> _WORK ORDER_
Only the lines from the start of the data to the line containing "Каталог запасных частей", both included, should be output, exactly and without pictures.

> _GIVEN DATA_
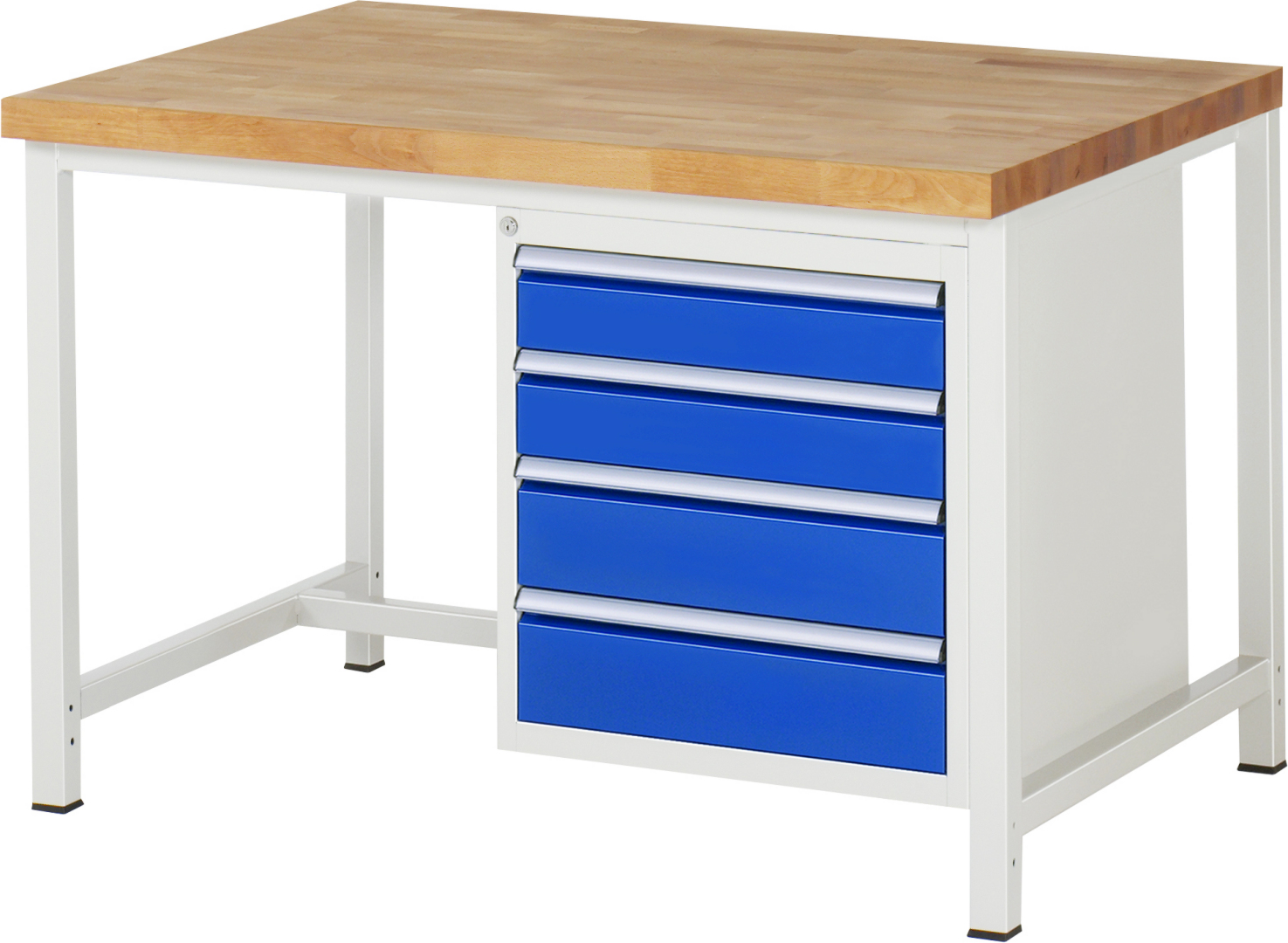 Werkbank Modell 8162 schwarz, BxTxH 1250x900x840 mm, Buche-Massiv Arbeitsplatte 40 mm, 4 Schubladen mit Vollauszug 100 % und SoftClosing
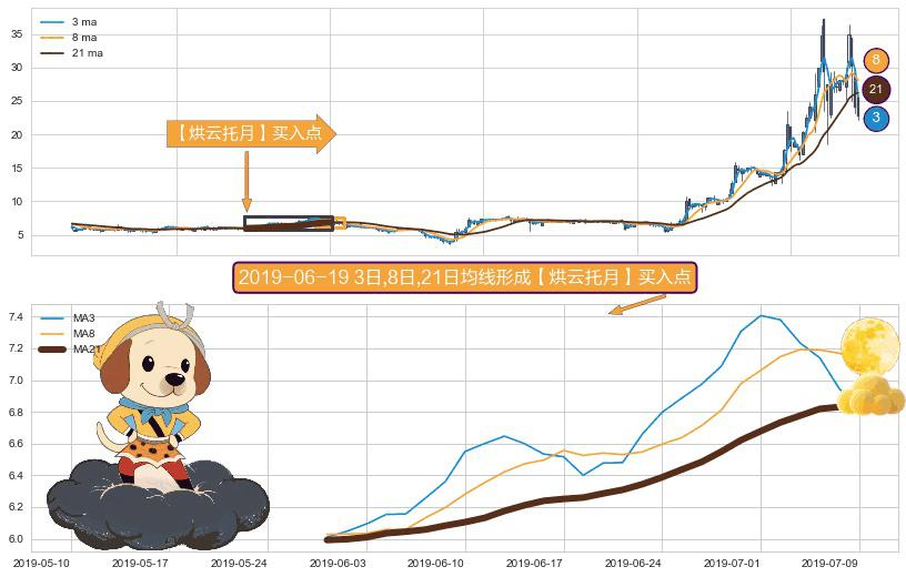 ⚀ 2019-05-30日-2019-07-09日显现 3日-8日-21日均线 【烘云托月】买入点 看多信号,后市看涨,买入
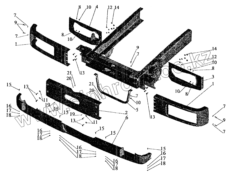 Каталог запасных частей к технике: МАЗ-6303 (2005). Крепление бампера
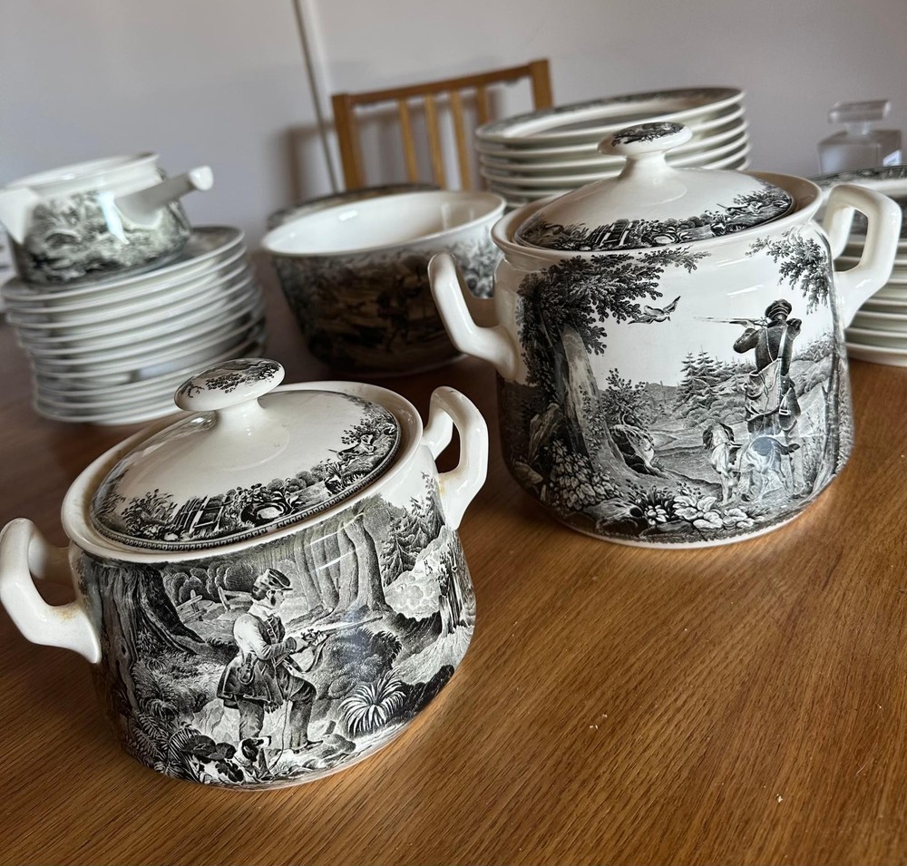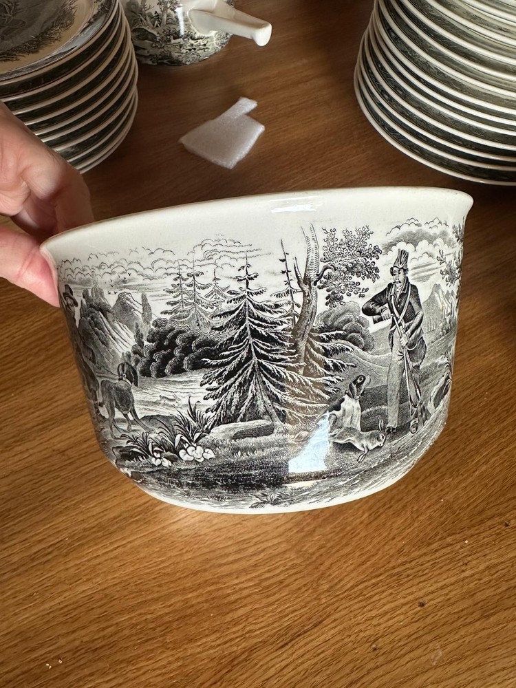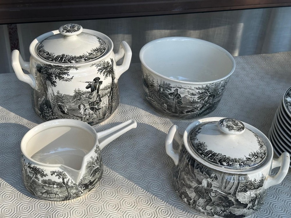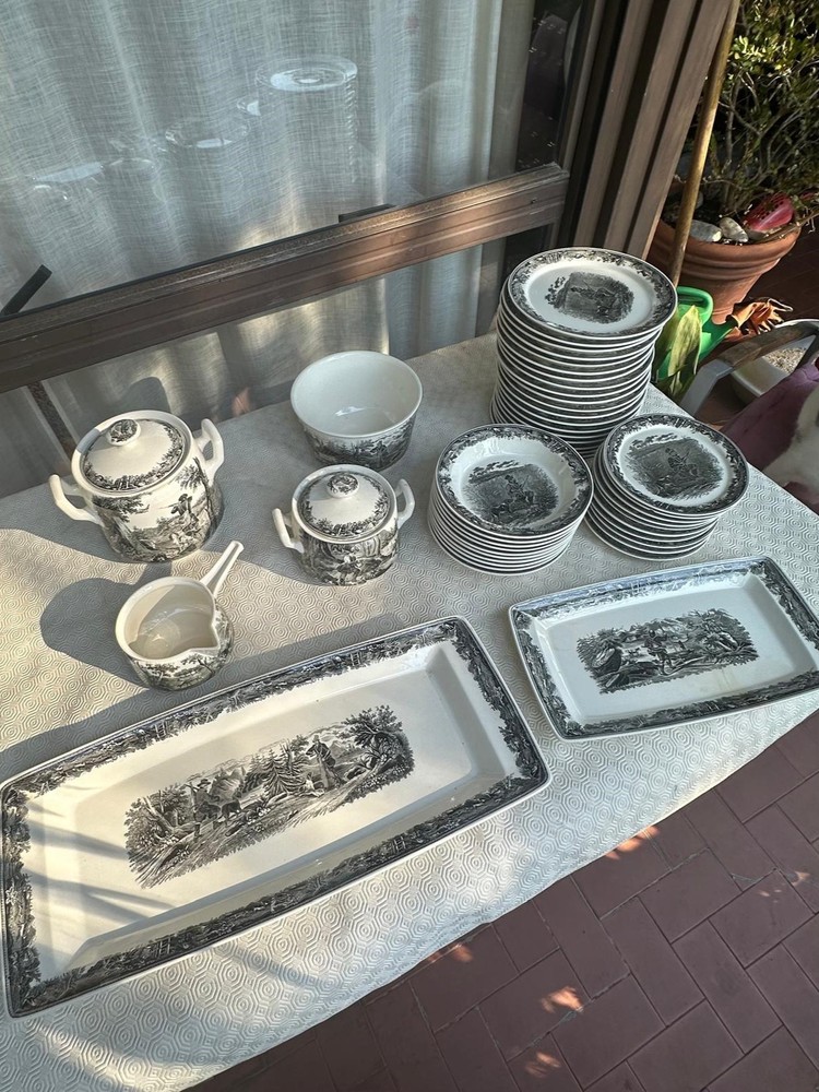Collezione Artemis, anni ‘50/’60, manifattura tedesca, calcografia su lastra rame applicata sotto smalto. Motivo: scena caccia tradizionali. Monocromatico nero su bianco/crema. Prestigioso servizio completo per 10 persone, per un totale di 47 pezzi così suddivisi: • Piatti fondi – 10 pezzi • Piatti piani – 20 pezzi • Piattini dessert – 10 pezzi • Vassoi di portata, varie dimensioni: 3 pezzi • Zuppiere con coperchio, varie dimensioni: 2 pezzi • Terrina con manico; 1 pezzo • Porta frutta: 1 pezzo Nel suo assieme, il set appare in ottime condizioni. Si notano due scheggiature come da foto (su un piatto piano ed uno da dessert) ed alcune macchie del tempo coerenti con l’età ed il materiale. Naturalmente disponibile a fornire ulteriori dettagli, foto e/o dimensioni dei componenti. INFO per la CONSEGNA. Le dimensioni totali (approssimative) sono: 60x60x60 cm, 25 kg. Se ritiro a mano, la zona principale di riferimento è Roma Sud (Eur). Se spedito, il costo è a carico acquirente: quanto indicato è di riferimento, ma il valore definitivo sarà da valutare e concordare in funzione della destinazione finale (Italia o estero).

> _YOUR SOLUTION_
 Werkbank Modell 8162 schwarz, BxTxH 1250x900x840 mm, Buche-Massiv Arbeitsplatte 40 mm, 4 Schubladen mit Vollauszug 100 % und SoftClosing
 ⚀ 2019-05-30日-2019-07-09日显现 3日-8日-21日均线 【烘云托月】买入点 看多信号,后市看涨,买入
 Каталог запасных частей к технике: МАЗ-6303 (2005). Крепление бампера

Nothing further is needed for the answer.